- [EXERCISE GOAL]: A word-for-word retyping of the listing below is required, with the pictures dropped.
** DATA EXTRACT follows **
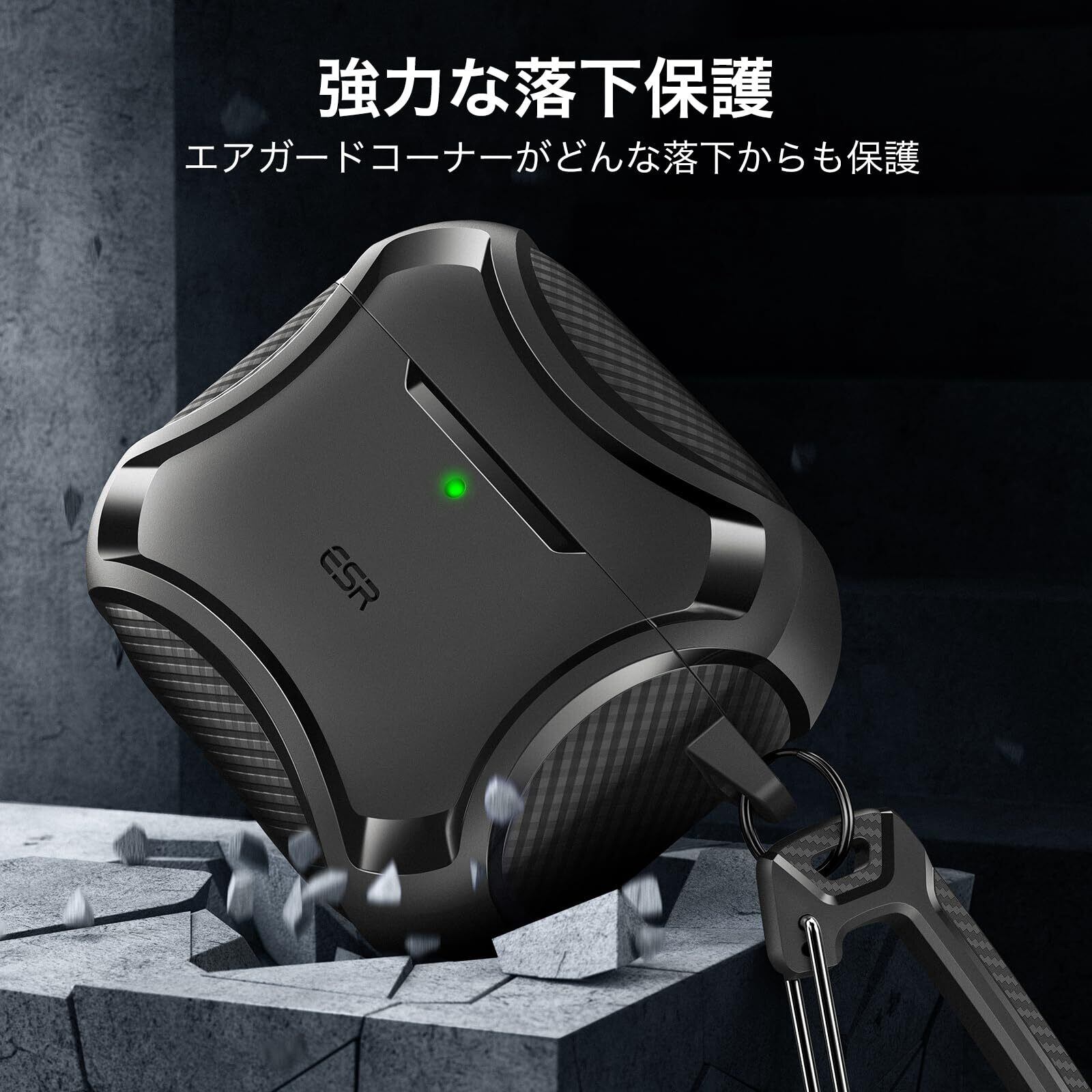 【強力な落下保護】:衝撃吸収ポリマーとエアガードコーナーが、最悪の落下や衝撃からも充電ケースを守ります。
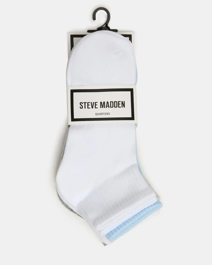 6 Pack Peyton Ribbed Quarter Socks White Multi
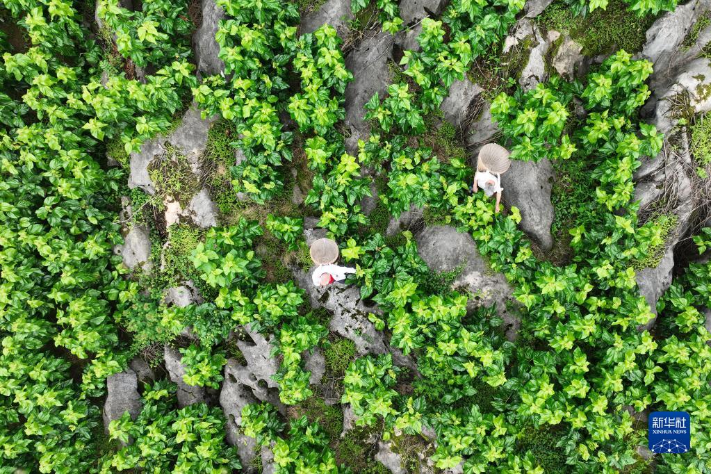 6月2日,重慶市黔江區濯水鎮雙龍村村民在石漠化蠶?;毓茏o桑樹(shù)(無(wú)人機照片)。
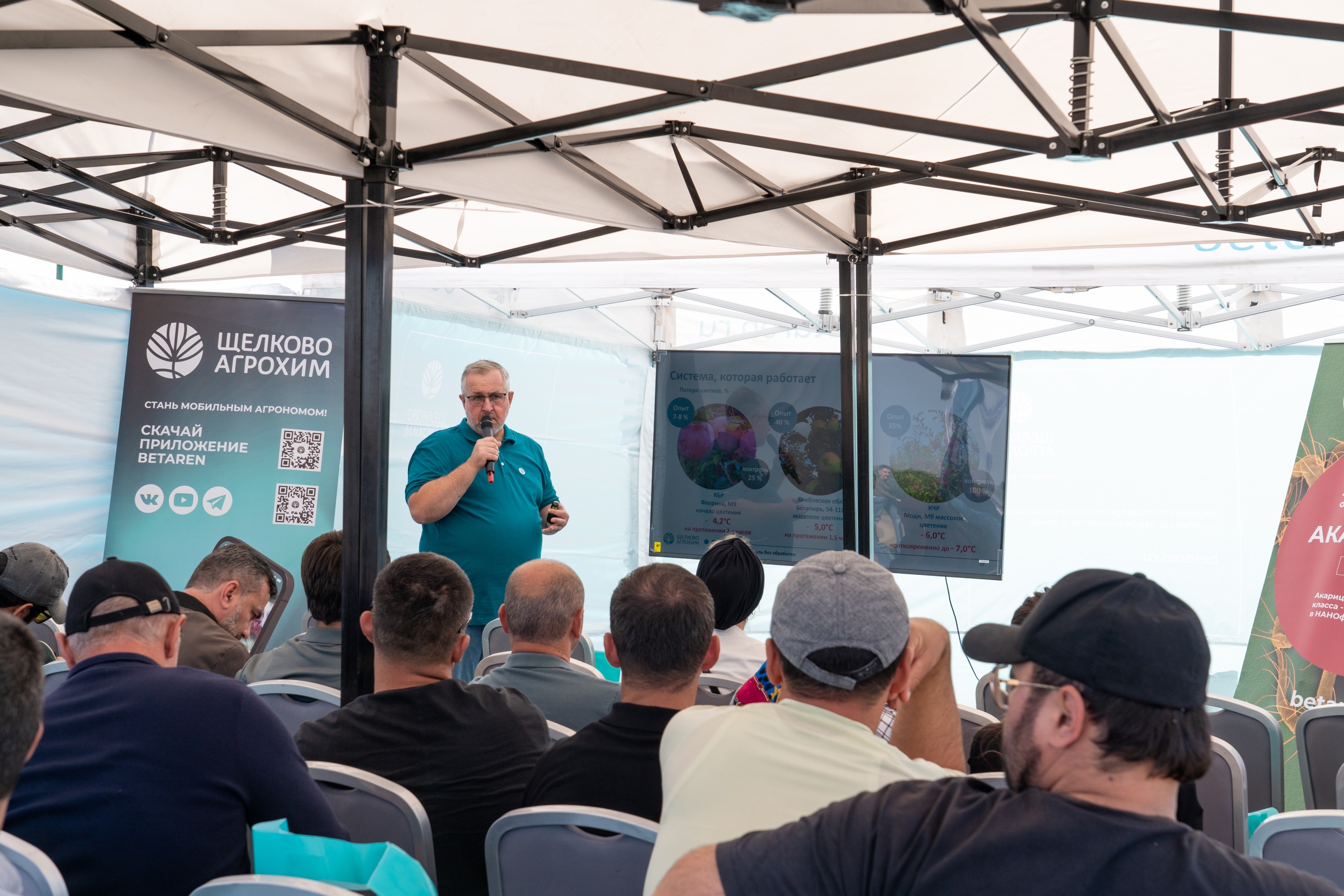 После осмотра опытных полей, гости Территории рекордов переместились в шатровую зону. О важнейшей роли семян в получении высоких урожаев им рассказал Салис Каракотов, а десять аграрных трендов будущего обозначил Николай Лычев – сооснователь и управляющий партнёр «Агротренд». О современных сеялках Mascar, представленных на Территории рекордов, рассказал Олег Гладких – генеральный директор ООО «Дон Юг Агро».
** End of DATA EXTRACT **
- [FINISHED TASK]:
 【強力な落下保護】:衝撃吸収ポリマーとエアガードコーナーが、最悪の落下や衝撃からも充電ケースを守ります。
 6 Pack Peyton Ribbed Quarter Socks White Multi
 6月2日,重慶市黔江區濯水鎮雙龍村村民在石漠化蠶?;毓茏o桑樹(shù)(無(wú)人機照片)。
 После осмотра опытных полей, гости Территории рекордов переместились в шатровую зону. О важнейшей роли семян в получении высоких урожаев им рассказал Салис Каракотов, а десять аграрных трендов будущего обозначил Николай Лычев – сооснователь и управляющий партнёр «Агротренд». О современных сеялках Mascar, представленных на Территории рекордов, рассказал Олег Гладких – генеральный директор ООО «Дон Юг Агро».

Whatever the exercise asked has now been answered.